Under current and prospective policies from the International Maritime Organization, European Union, and US, the business case for green shipping corridors could improve markedly, but not sufficiently, according to a new report published by UMAS, UCL and the Global Maritime Forum (GMF).
Titled Building a Business Case for Green Shipping Corridors, the report looks at the significant commercial challenges associated with green shipping corridors, how these could change under future regulation, and what additional support may be needed to ensure the viability of such projects.
Green shipping corridor projects, which focus on initiating the maritime value chain for scalable and sustainable fuels such as hydrogen-derived e-ammonia and e-methanol, have thus far faced an insurmountable cost gap.
Against the backdrop of an evolving global and regional policy landscape, the business case for such first mover initiatives will begin to improve, but targeted support will be needed to ensure uptake of e-fuels.
The report emphasises the important role of regulation in enabling shipping’s energy transition and the wider implications for the industry operating under a future compliance regime where fleet and bunkering strategies will need to become more sophisticated.
Policies such as the IMO’s new global fuel standard, the EU’s Emissions Trading Scheme (ETS), and the US Inflation Reduction Act (IRA) will play a critical role in reducing costs for green shipping corridors but fall short of fully bridging the gap between the cost of e-fuels and the cheapest solution to meet compliance.
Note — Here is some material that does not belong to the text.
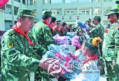 儀式上,8722部隊(duì)向?qū)W校贈(zèng)送了價(jià)值萬(wàn)余元的學(xué)習(xí)用品,拿著裝有鉛筆、水彩筆等各種文具的“愛心書包”,孩子們興奮不已。12歲的藏族女生登真啟珍告訴筆者:“今年的‘六一’兒童節(jié),武警部隊(duì)的叔叔們專門來看望我們,還送來了禮物,我感到特別開心。”儀式上,少先隊(duì)員們給參加慰問的部隊(duì)領(lǐng)導(dǎo)戴上鮮艷的紅領(lǐng)巾,孩子們還表演了精心排練的節(jié)目。一張張燦爛的笑臉,一陣陣蕩漾心扉的歌聲,傳遞著駐訓(xùn)武警部隊(duì)與當(dāng)?shù)厝罕姖鉂獾聂~水深情。

The report explores the potential opportunities and options that could be available for green shipping corridors in three different shipping sectors—gas carriers, container ships, and bulk carriers—to highlight how public and private efforts could accelerate early adoption of e-fuels.
According to UMAS, the scenarios explored reveal that while biofuels and blue ammonia are lowest cost options over the near term, scalable e-fuels such as e-ammonia are expected to become increasingly competitive as production costs fall and compliance requirements tighten, indicating that targeted support would only be required over the short term.
With 62 green shipping corridors initiatives already announced, support for these early mover projects could enable significant strides to be made in the development of sustainable fuel production and in investment in the storage, bunkering, and port infrastructure required to decarbonise the wider shipping industry later in the transition.
Deniz Aymer, Senior Consultant at UMAS, said, “Upcoming regulation will shift the business case for green shipping corridors – as well as shaping how the wider shipping industry approaches compliance.
“To fully bridge the cost gap, however, targeted support for e-fuels is needed. But this short-term support will pay future dividends by ensuring that scalable and sustainable fuels are available to the wider industry when needed.”
To accelerate progress, the report outlines actionable solutions for industry and policymakers.
It highlights how business models will need to adapt under incoming regulation and how long-term commitments from cargo owners and ship owners and operators can help de-risk investment and drive e-fuel adoption. Strategic partnerships across the value chain will be essential for sharing risks and rewards, ensuring a more equitable cost distribution while advancing green shipping corridor projects.
Despite this, the business case for green shipping corridors will remain challenging without targeted measures to support the uptake of e-fuels.
“Mechanisms such as Contracts for Difference (CFDs), e-fuel auctions, and/or multipliers for overcompliance with e-fuels will be crucial to the short-term viability of these initiatives,” the new report highlights.
Economic support could be underwritten by the IMO through revenues raised by a levy on shipping industry emissions.
The report notes that in the absence of a global levy, national governments may need to step in to directly support corridor projects.